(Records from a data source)
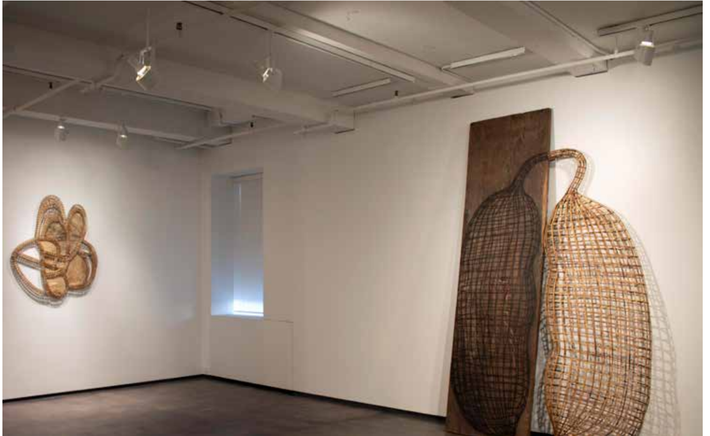
VIEW OF THE EXHIBITION AT TYLER ROLLINS FINE ART
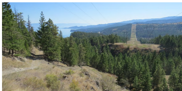
The EA cover photo depicts the transmission line corridor.

BPA owns and operates more than 15,000 circuit miles of high-voltage transmission lines in its service territory (Idaho, Oregon, Washington, western Montana and small parts of eastern Montana, California, Nevada, Utah, and Wyoming). The transmission lines move most of the Northwest's
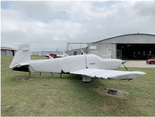
Mooney M20M Bravo Cover Set
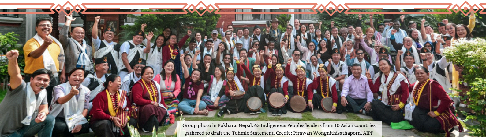
Group photo in Pokhara, Nepal. 65 Indigenous Peoples leaders from 10 Asian countries gathered to draft the Tohmle Statement.

This statement was developed at the 4th Indigenous Knowledge and Peoples of Asia (IKPA) Conference on Indigenous Peoples' Rights, Biodiversity, and Climate Change, held on October 1-4, 2024, in Pokhara, Nepal
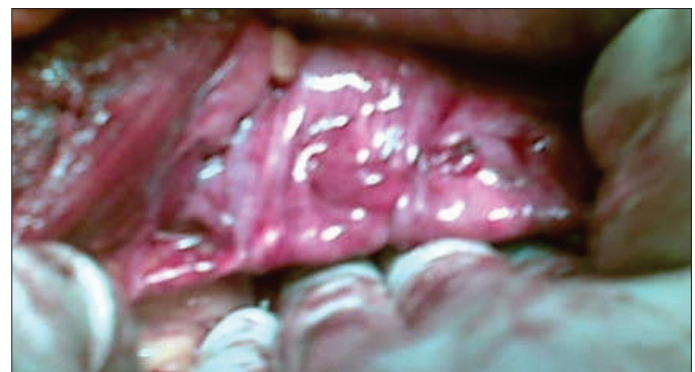
Figure 3. Pulled-up vault after repair with retroperitoneal rectus fascia strips

were not very serious: 3 cases had omental and 1 had small gut adhesions on the vault. Amount of intraoperative blood loss was between 200 to 450 ml (more loss in cases where perineorrhaphy was also done); nevertheless no blood transfusion was required in any of the cases either intra-op. or post-operatively. In the post-operative period, one patient (3.7%) had vomiting on the 2 nd day, another (3.7%) had fever. 33% (n=9) of patients felt
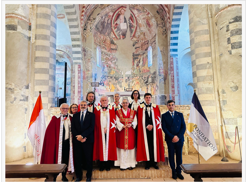
Participants gather at the Abbazia di Santa Giustina in Sezzadio during a Holy Mass honouring the patron saint of the Order of Saint John ahead of the 24 June feast day.
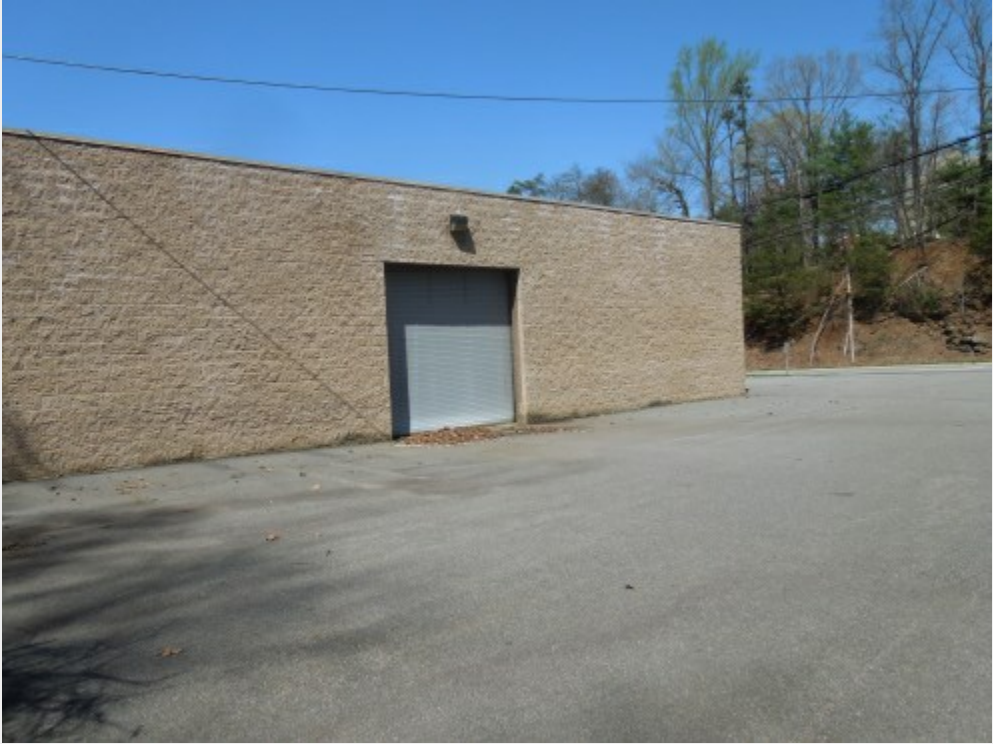
Two Drive-In Doors
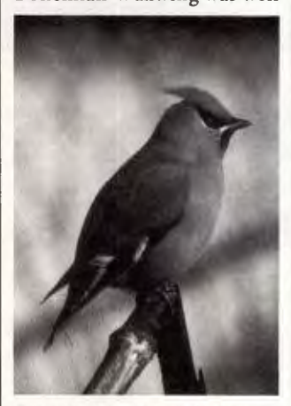
Bohemian Waxwing at Big Pine, California, January 8, 1991.

A Brown Thrasher, a rare straggler, was near Calexico Dec. 13 (WRR). A Sage Thrasher at L. Los Carneros near Goleta Jan. 8 (JPH), another in Irvine Dec. 24 (JB), and a 3rd in Orange Feb. 2 (BED) were along the immediate coast, where unusual in winter. The ad. White Wagtail found in Saticoy Nov. 8 was still present Mar. 9 (RJM). A Bohemian Waxwing was well
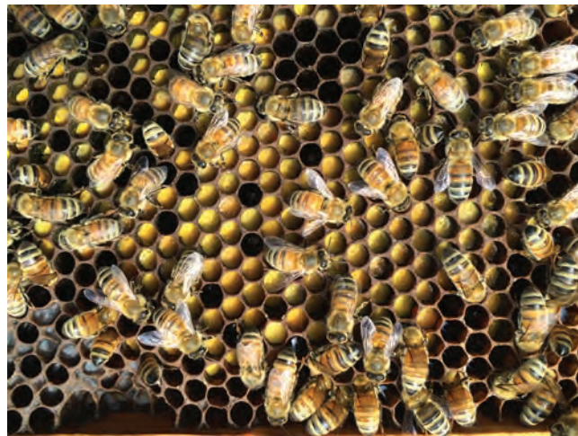
(l) Figure 3. A comb containing young brood. You can see eggs and young larvae developing in the cells. New colonies are full of developing immature bees. (r) Figure 4. Pollen stored as bee bread. Bees keep bee bread near the brood chamber since they mix it into the food they feed their developing larvae.
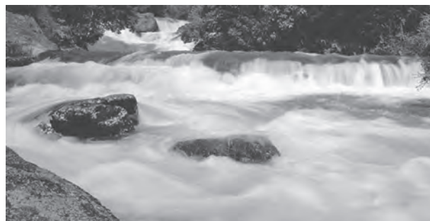
Figure 3.3 : Rapids

The Himalayan drainage system has evolved through a long geological history. It mainly includes the Ganga, the Indus and the Brahmaputra river basins. Since these are fed both by melting of snow and precipitation, rivers of this system are perennial. These rivers pass through the giant gorges carved out by the erosional activity carried on simultaneously with the uplift of the Himalayas. Besides deep gorges, these rivers also form V-shaped valleys, rapids and waterfalls in their mountainous
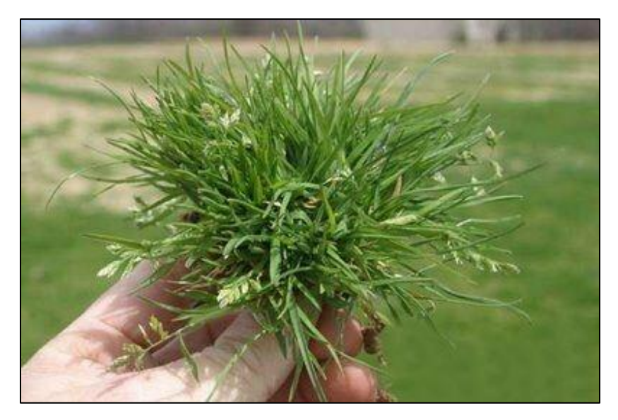
Fig 1. Italian ryegrass (Left) is resistant to both Glyphosate and Glufosinate. Annual bluegrass (Right) is resistant to Glyphosate.

For more information on herbicide resistant weeds, species identification and control options please visit the UC Davis <u>Weed Research and Information Center (https://wric.ucdavis.edu)</u> AND <u>ipm.ucanr.edu/PMG/r606700411.html</u>
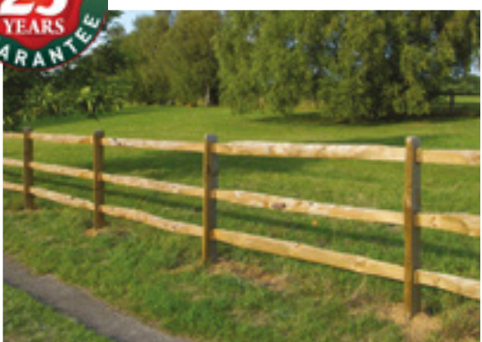
Comprising of half round vertical posts, with either three or four mortices, for the irregular sawn horizontal rails to insert into.
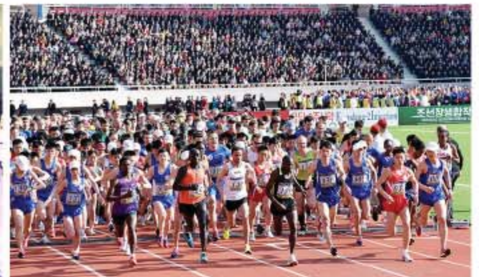
The 28th Mangyongdae Prize International Marathon.
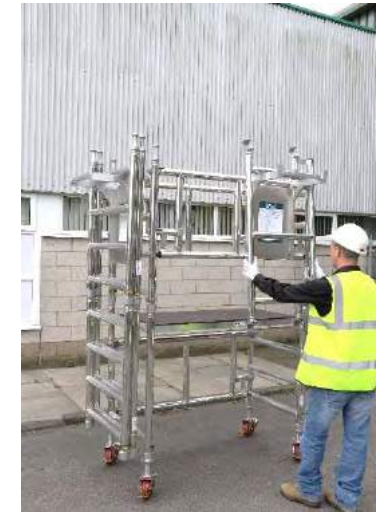
15. Stow 3 guardrail frames on the front assembly bracket.
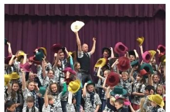
Saratoga Singing Sharks
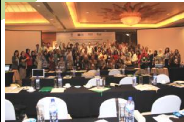
Accelerating Private Sector Participation towards Low-Carbon Development in Indonesia: Workshop on the Joint Crediting Mechanism (JCM)
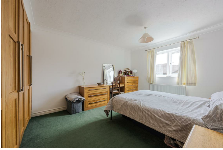
Bedroom two 14'0" x 10'11" (4.29 x 3.33)
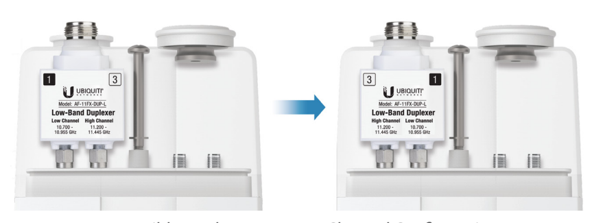
Reversible Duplexers For Easy Channel Configuration
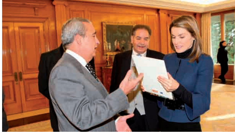
LETIZIA ORTIZ ROCASOLANO WITH MEMBERS OF THE BOARD OF TRUSTEES DURING THE AUDIENCE THEY WERE GIVEN.

In addition to participation in these fora, other political or institutional activities have been undertaken such as: drafting and submission of proposals for inclusion in the new Roma Development Plan, participation in the drafting process of the National Plan for Social Inclusion 2008-2010, participation in the First European Roma Summit (Brussels, 16 September) and meetings with members of the Government to support defence of Roma inclusion policies in Europe and to make the latter a priority during the Spanish EU presidency in 2010.
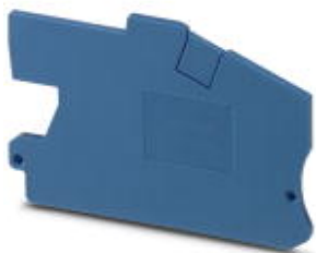
End cover, Length: 66.3 mm, Width: 2.2 mm, Color: blue

Please be informed that the data shown in this PDF Document is generated from our Online Catalog. Please find the complete data in the user's documentation. Our General Terms of Use for Downloads are valid ( http://phoenixcontact.com/download )
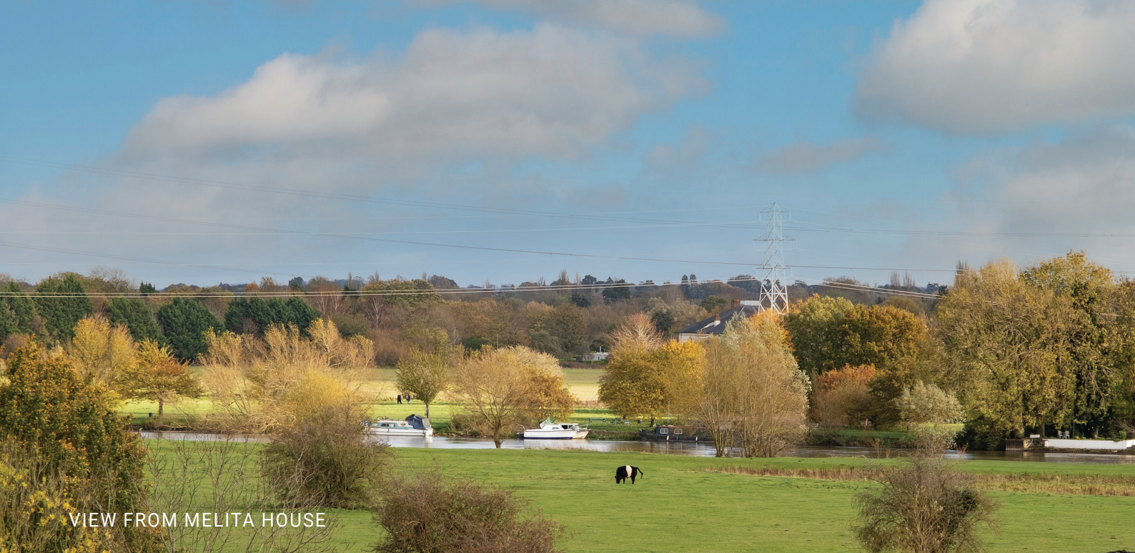
VIEW FROM MELITA HOUSE
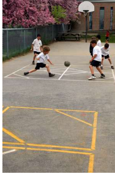
New - stenciled games, more to come by Improvement Committee
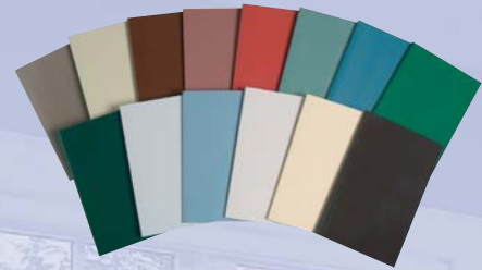
Also available in many custom colors

Colors shown are representative only, for an exact color sample ask your Pollard representative.
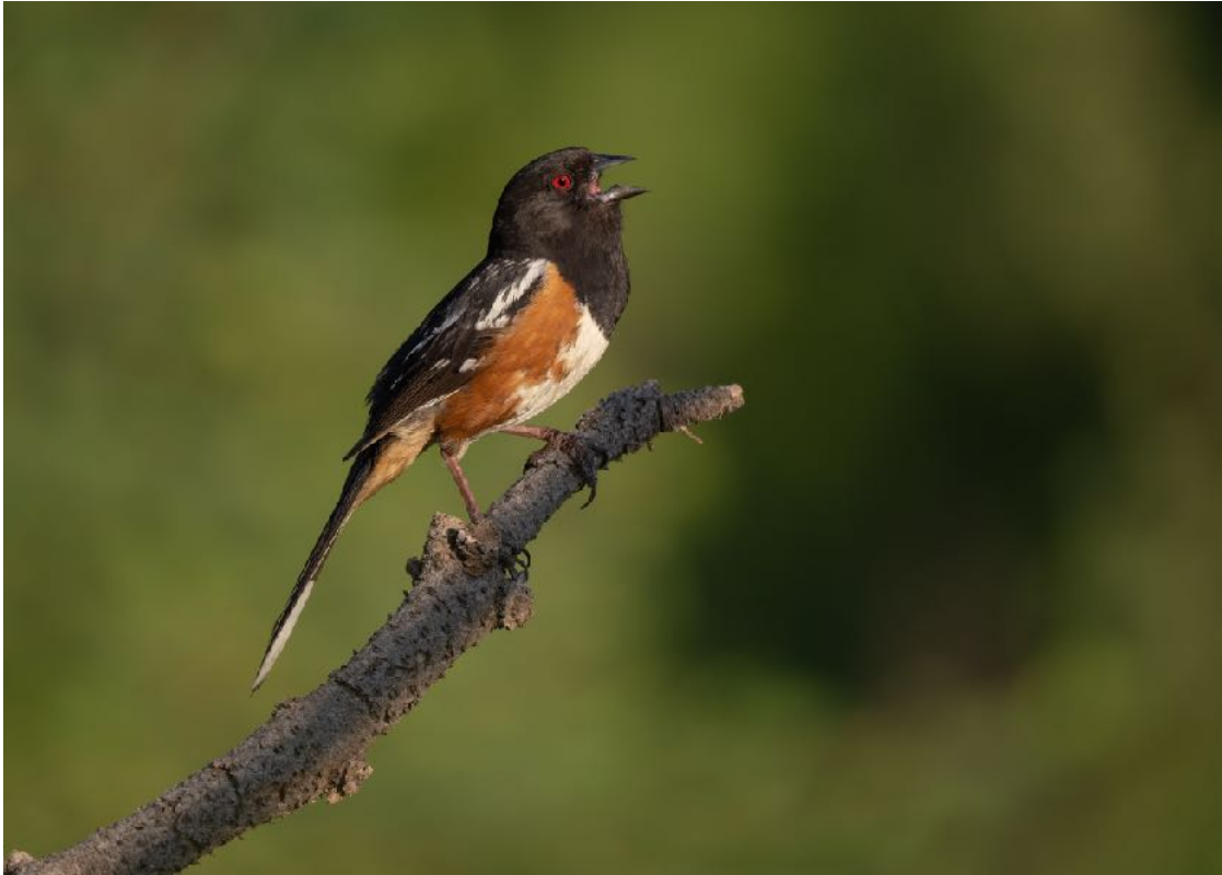
Spotted Towhee: Photo by Guide - Ben Knoot
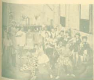
3505 - SUGAR HILL MASQUERADE from "FLYING FEET"
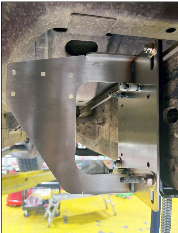
OUTSIDE / TIGHT TO FRAME / LOW POSITION
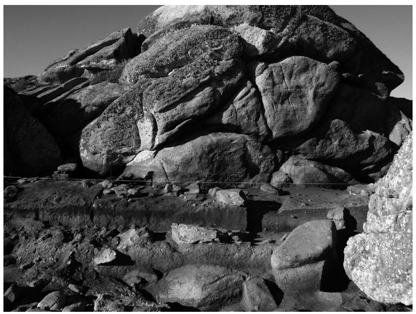
Fig. 4 – Roc'h Santeg Leton (Santec, Finistère), Western Block. The section is thick of 1 m with remains of Protohistory (Gallic) and Prehistory (Middle Paleolithic, Early Neolithic, Early and Late Mesolithic).
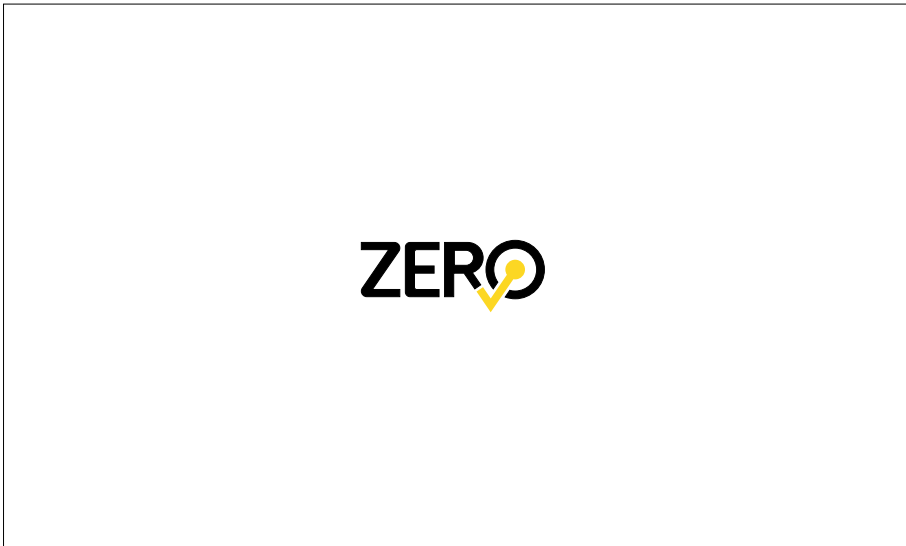
Less than 55 mm - no trademark
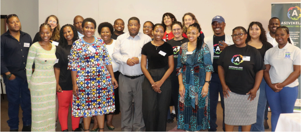
Above: Asivikelane Sanitation Hub stakeholders in the City of Johannesburg comprising of Asivikelane community facilitators, Johannesburg Asivikelane partners and officials from the Environmental and Infrastructure Services Department, Joburg Water and the Human Settlements department.

Asivikelane's Sanitation Hubs aim to address water, sanitation challenges in informal settlements.
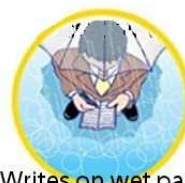
Writes on wet paper (and daffodil stems)
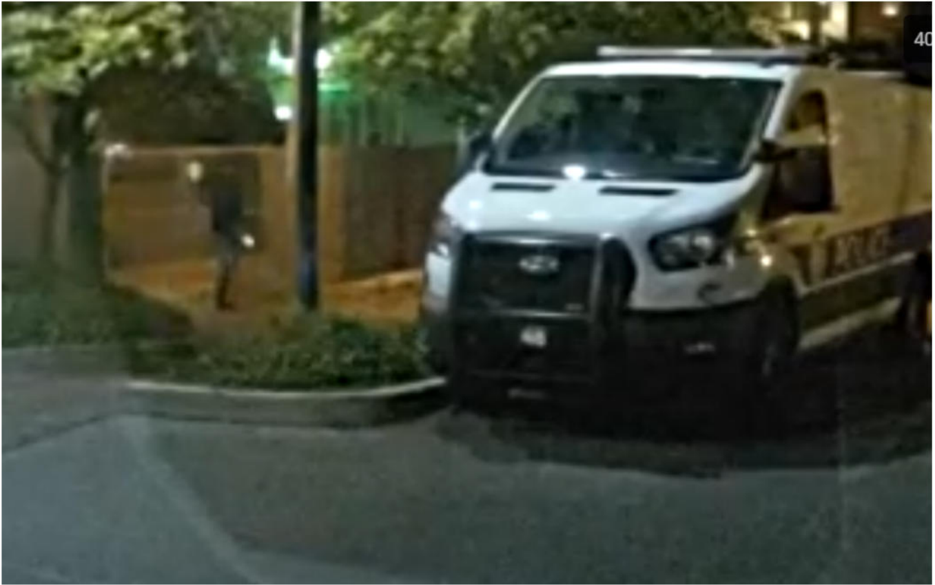
Screenshot from [REDACTED] dash camera footage, 01:29:29 hours, 9/10/2024

What you will do ▸
The expected answer is the data retyped exactly, without pictures.

Exercise response ▸
VIEW OF THE EXHIBITION AT TYLER ROLLINS FINE ART
The EA cover photo depicts the transmission line corridor.

BPA owns and operates more than 15,000 circuit miles of high-voltage transmission lines in its service territory (Idaho, Oregon, Washington, western Montana and small parts of eastern Montana, California, Nevada, Utah, and Wyoming). The transmission lines move most of the Northwest's
Mooney M20M Bravo Cover Set
Group photo in Pokhara, Nepal. 65 Indigenous Peoples leaders from 10 Asian countries gathered to draft the Tohmle Statement.

This statement was developed at the 4th Indigenous Knowledge and Peoples of Asia (IKPA) Conference on Indigenous Peoples' Rights, Biodiversity, and Climate Change, held on October 1-4, 2024, in Pokhara, Nepal
Figure 3. Pulled-up vault after repair with retroperitoneal rectus fascia strips

were not very serious: 3 cases had omental and 1 had small gut adhesions on the vault. Amount of intraoperative blood loss was between 200 to 450 ml (more loss in cases where perineorrhaphy was also done); nevertheless no blood transfusion was required in any of the cases either intra-op. or post-operatively. In the post-operative period, one patient (3.7%) had vomiting on the 2 nd day, another (3.7%) had fever. 33% (n=9) of patients felt
Participants gather at the Abbazia di Santa Giustina in Sezzadio during a Holy Mass honouring the patron saint of the Order of Saint John ahead of the 24 June feast day.
Two Drive-In Doors
Bohemian Waxwing at Big Pine, California, January 8, 1991.

A Brown Thrasher, a rare straggler, was near Calexico Dec. 13 (WRR). A Sage Thrasher at L. Los Carneros near Goleta Jan. 8 (JPH), another in Irvine Dec. 24 (JB), and a 3rd in Orange Feb. 2 (BED) were along the immediate coast, where unusual in winter. The ad. White Wagtail found in Saticoy Nov. 8 was still present Mar. 9 (RJM). A Bohemian Waxwing was well
(l) Figure 3. A comb containing young brood. You can see eggs and young larvae developing in the cells. New colonies are full of developing immature bees. (r) Figure 4. Pollen stored as bee bread. Bees keep bee bread near the brood chamber since they mix it into the food they feed their developing larvae.
Figure 3.3 : Rapids

The Himalayan drainage system has evolved through a long geological history. It mainly includes the Ganga, the Indus and the Brahmaputra river basins. Since these are fed both by melting of snow and precipitation, rivers of this system are perennial. These rivers pass through the giant gorges carved out by the erosional activity carried on simultaneously with the uplift of the Himalayas. Besides deep gorges, these rivers also form V-shaped valleys, rapids and waterfalls in their mountainous
Fig 1. Italian ryegrass (Left) is resistant to both Glyphosate and Glufosinate. Annual bluegrass (Right) is resistant to Glyphosate.

For more information on herbicide resistant weeds, species identification and control options please visit the UC Davis <u>Weed Research and Information Center (https://wric.ucdavis.edu)</u> AND <u>ipm.ucanr.edu/PMG/r606700411.html</u>
Comprising of half round vertical posts, with either three or four mortices, for the irregular sawn horizontal rails to insert into.
The 28th Mangyongdae Prize International Marathon.
15. Stow 3 guardrail frames on the front assembly bracket.
Saratoga Singing Sharks
Accelerating Private Sector Participation towards Low-Carbon Development in Indonesia: Workshop on the Joint Crediting Mechanism (JCM)
Bedroom two 14'0" x 10'11" (4.29 x 3.33)
Reversible Duplexers For Easy Channel Configuration
LETIZIA ORTIZ ROCASOLANO WITH MEMBERS OF THE BOARD OF TRUSTEES DURING THE AUDIENCE THEY WERE GIVEN.

In addition to participation in these fora, other political or institutional activities have been undertaken such as: drafting and submission of proposals for inclusion in the new Roma Development Plan, participation in the drafting process of the National Plan for Social Inclusion 2008-2010, participation in the First European Roma Summit (Brussels, 16 September) and meetings with members of the Government to support defence of Roma inclusion policies in Europe and to make the latter a priority during the Spanish EU presidency in 2010.
End cover, Length: 66.3 mm, Width: 2.2 mm, Color: blue

Please be informed that the data shown in this PDF Document is generated from our Online Catalog. Please find the complete data in the user's documentation. Our General Terms of Use for Downloads are valid ( http://phoenixcontact.com/download )
VIEW FROM MELITA HOUSE
New - stenciled games, more to come by Improvement Committee
Also available in many custom colors

Colors shown are representative only, for an exact color sample ask your Pollard representative.
Spotted Towhee: Photo by Guide - Ben Knoot
3505 - SUGAR HILL MASQUERADE from "FLYING FEET"
OUTSIDE / TIGHT TO FRAME / LOW POSITION
Fig. 4 – Roc'h Santeg Leton (Santec, Finistère), Western Block. The section is thick of 1 m with remains of Protohistory (Gallic) and Prehistory (Middle Paleolithic, Early Neolithic, Early and Late Mesolithic).
Less than 55 mm - no trademark
Above: Asivikelane Sanitation Hub stakeholders in the City of Johannesburg comprising of Asivikelane community facilitators, Johannesburg Asivikelane partners and officials from the Environmental and Infrastructure Services Department, Joburg Water and the Human Settlements department.

Asivikelane's Sanitation Hubs aim to address water, sanitation challenges in informal settlements.
Writes on wet paper (and daffodil stems)
Screenshot from [REDACTED] dash camera footage, 01:29:29 hours, 9/10/2024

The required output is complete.